TASK DIRECTIONS: Please write out exactly the lines of the data below from the line holding "图2:2022年原白糖主力合约价差 单位:美元/吨" through the line holding "First up, here's", and leave out the rest.

EXTRACTED MATERIAL:
=== Section Start ===

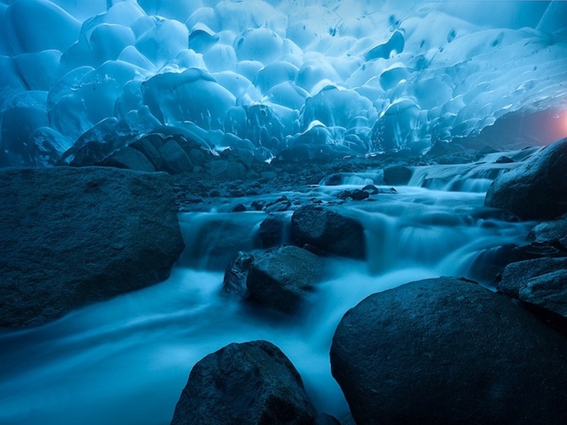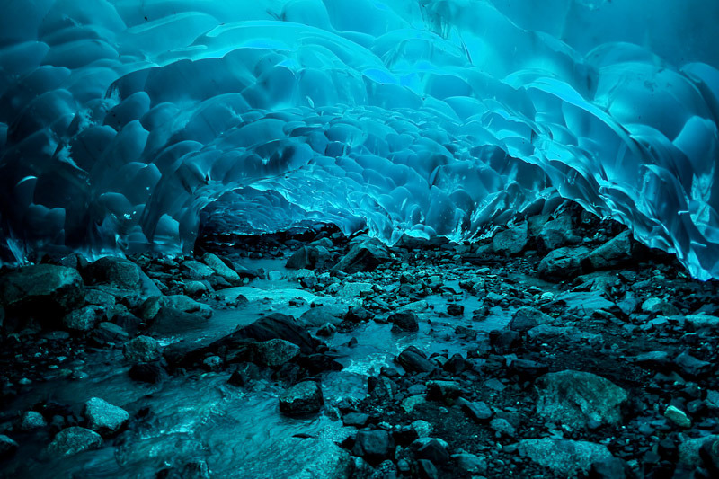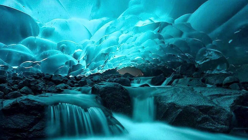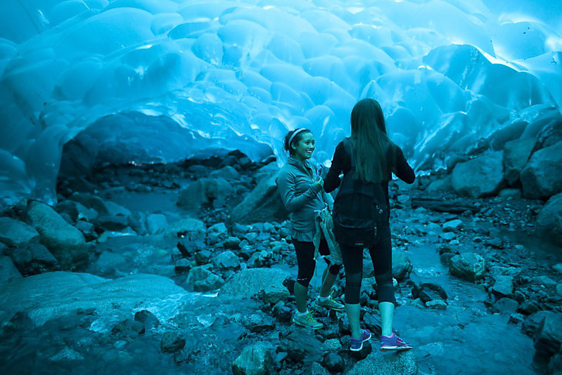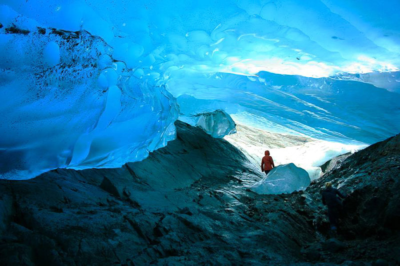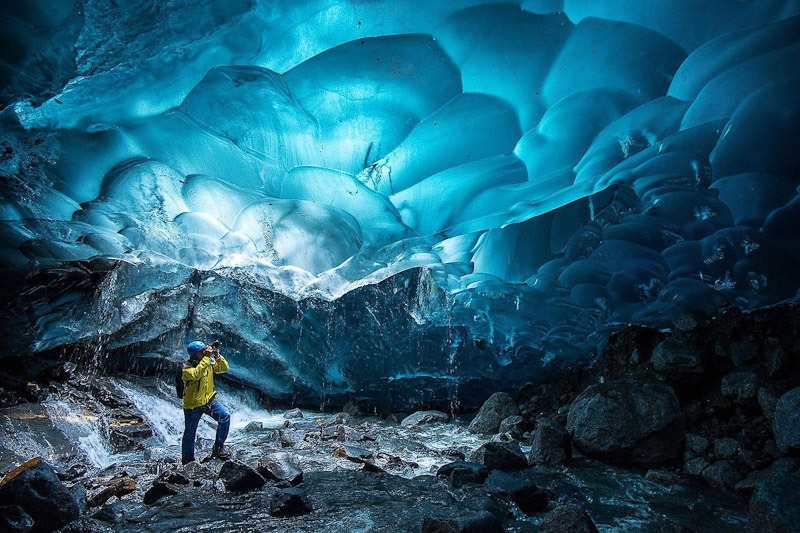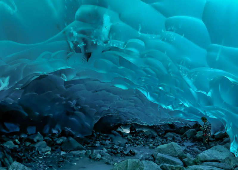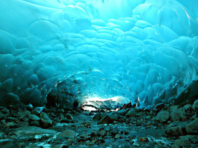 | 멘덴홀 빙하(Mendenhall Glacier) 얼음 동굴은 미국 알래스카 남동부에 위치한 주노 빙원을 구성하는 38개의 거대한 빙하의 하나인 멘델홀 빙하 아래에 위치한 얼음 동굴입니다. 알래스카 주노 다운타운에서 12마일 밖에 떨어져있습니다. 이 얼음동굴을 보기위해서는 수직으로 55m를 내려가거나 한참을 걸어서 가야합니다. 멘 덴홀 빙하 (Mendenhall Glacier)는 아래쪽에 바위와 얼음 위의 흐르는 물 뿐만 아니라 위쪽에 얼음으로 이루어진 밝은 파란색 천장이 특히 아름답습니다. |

=== Section End ===
=== Section Start ===

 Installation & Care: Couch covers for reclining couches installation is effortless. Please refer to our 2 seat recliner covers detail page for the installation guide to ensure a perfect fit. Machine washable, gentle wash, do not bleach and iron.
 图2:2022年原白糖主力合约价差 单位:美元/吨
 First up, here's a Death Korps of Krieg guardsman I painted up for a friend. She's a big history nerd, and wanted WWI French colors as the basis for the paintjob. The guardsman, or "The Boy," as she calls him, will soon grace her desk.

=== Section End ===

EXERCISE RESULT:
 图2:2022年原白糖主力合约价差 单位:美元/吨
 First up, here's a Death Korps of Krieg guardsman I painted up for a friend. She's a big history nerd, and wanted WWI French colors as the basis for the paintjob. The guardsman, or "The Boy," as she calls him, will soon grace her desk.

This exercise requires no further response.